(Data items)
·····

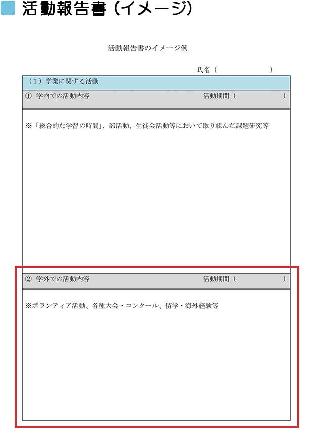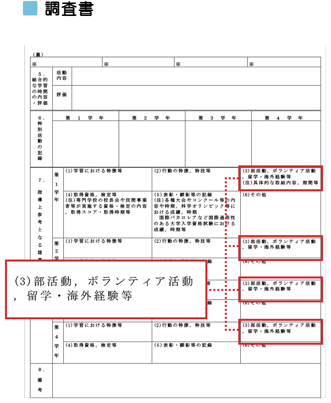 「指導上参考となる諸事項」の欄が拡充され「(3)部活動、ボランティア活動」の欄に留学・海外経験が追記されたほか、枚数制限も撤廃。
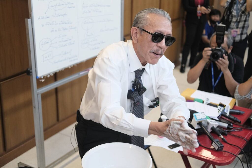 นอกจากนั้นนายชูวิทย์ยังได้ล้างมือโชว์ เพื่อตอบโต้กรณีพรรคภูมิใจไทยบอกว่าตนเองมือสกปรกรับงานมาจากบุคคลอื่นเพื่อทำลายชื่อเสียงของพรรค
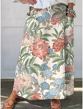 Naisten Rentouttava Maxi Mid Pellavanomainen Vyötäröhame Floral Floral Ei Elastinen Päivittäin Loma Ruskea Tumma Sininen Valkoinen+Sininen Beige Kesä Polyesteri
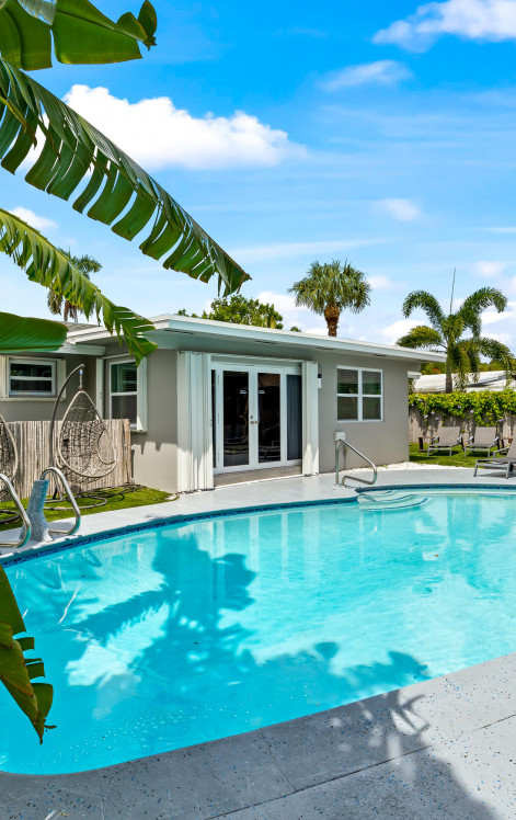 AIRBNB READY! Just 5 minutes from the beach, this corner-lot gem (9,210 sqft) blends modern upgrades with Florida coastal charm. Recently remodeled, the home features a 2022 roof, new AC, impact garage door, updated plumbing, and updated electrical for true peace of mind.Step inside to discover 3 spacious bedrooms and 3 designer bathrooms, complemented by a sleek modern kitchen with quartz countertops, an oversized cooking island, and state-of-the-art appliances. Wide-open living spaces flow effortlessly to the outdoors, where bamboo fencing creates a private sanctuary.The backyard is an entertainer's dream: a sparkling pool, gazebo-shaded lounge, and an al-fresco dining area ready for unforgettable gatherings. Whether soaking up the sun or enjoying the ocean breeze, this home is
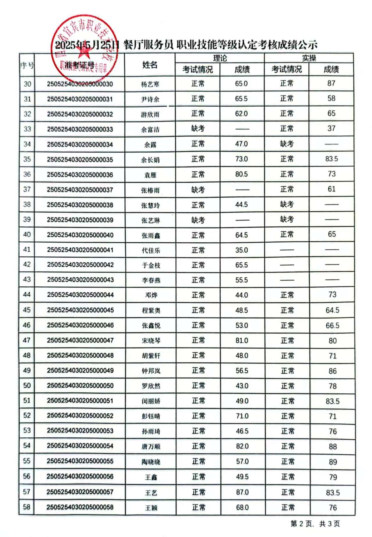 20250524宜职校餐厅服务员五级职业技能等级认定成绩公示(第9批)
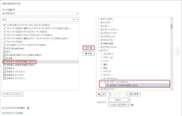 右側の先ほど新しく作成した [カスタム ナビゲーション (カスタム)] グループに [矩形拡大] コマンドが追加されます。

·····

• [TASK OBJECTIVE] What is needed is a word-for-word copy of the data above, free of any images.

• [RESPONSE FOR THIS EXERCISE]
 「指導上参考となる諸事項」の欄が拡充され「(3)部活動、ボランティア活動」の欄に留学・海外経験が追記されたほか、枚数制限も撤廃。
 นอกจากนั้นนายชูวิทย์ยังได้ล้างมือโชว์ เพื่อตอบโต้กรณีพรรคภูมิใจไทยบอกว่าตนเองมือสกปรกรับงานมาจากบุคคลอื่นเพื่อทำลายชื่อเสียงของพรรค
 Naisten Rentouttava Maxi Mid Pellavanomainen Vyötäröhame Floral Floral Ei Elastinen Päivittäin Loma Ruskea Tumma Sininen Valkoinen+Sininen Beige Kesä Polyesteri
 AIRBNB READY! Just 5 minutes from the beach, this corner-lot gem (9,210 sqft) blends modern upgrades with Florida coastal charm. Recently remodeled, the home features a 2022 roof, new AC, impact garage door, updated plumbing, and updated electrical for true peace of mind.Step inside to discover 3 spacious bedrooms and 3 designer bathrooms, complemented by a sleek modern kitchen with quartz countertops, an oversized cooking island, and state-of-the-art appliances. Wide-open living spaces flow effortlessly to the outdoors, where bamboo fencing creates a private sanctuary.The backyard is an entertainer's dream: a sparkling pool, gazebo-shaded lounge, and an al-fresco dining area ready for unforgettable gatherings. Whether soaking up the sun or enjoying the ocean breeze, this home is
 20250524宜职校餐厅服务员五级职业技能等级认定成绩公示(第9批)
 右側の先ほど新しく作成した [カスタム ナビゲーション (カスタム)] グループに [矩形拡大] コマンドが追加されます。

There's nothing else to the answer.